What needs to be done
Every line of the listing below is to be duplicated exactly, with the pictures left out.

Exercise data
= Beginning of Section =

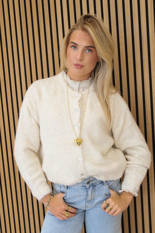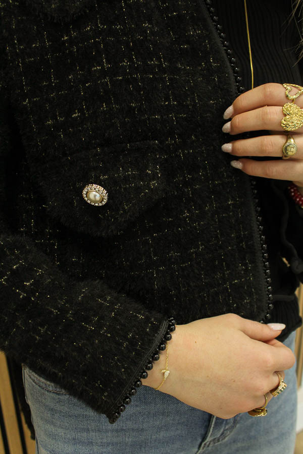 Een prachtige jasje met sierlijke parel knopen én strass. Deze is fijngebreid, lekker fluffy zacht (kriebelt niet) en voelt als een vest in dragen. Heel sjiek en stijlvol te combineren. Deze is van kwaliteit polyamide en blijft mooi!
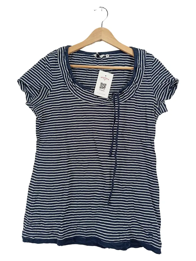 Damen T-Shirt Gr. M Gestreift Blau Weiß Maritim Bindedetail
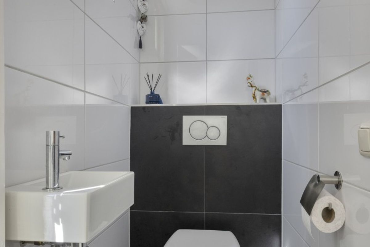 Op de overloop is een tweede, separaat toilet aanwezig en een handige berging met aansluitingen voor wasmachine en droger.

= End of Section =

Solution for this exercise
 Een prachtige jasje met sierlijke parel knopen én strass. Deze is fijngebreid, lekker fluffy zacht (kriebelt niet) en voelt als een vest in dragen. Heel sjiek en stijlvol te combineren. Deze is van kwaliteit polyamide en blijft mooi!
 Damen T-Shirt Gr. M Gestreift Blau Weiß Maritim Bindedetail
 Op de overloop is een tweede, separaat toilet aanwezig en een handige berging met aansluitingen voor wasmachine en droger.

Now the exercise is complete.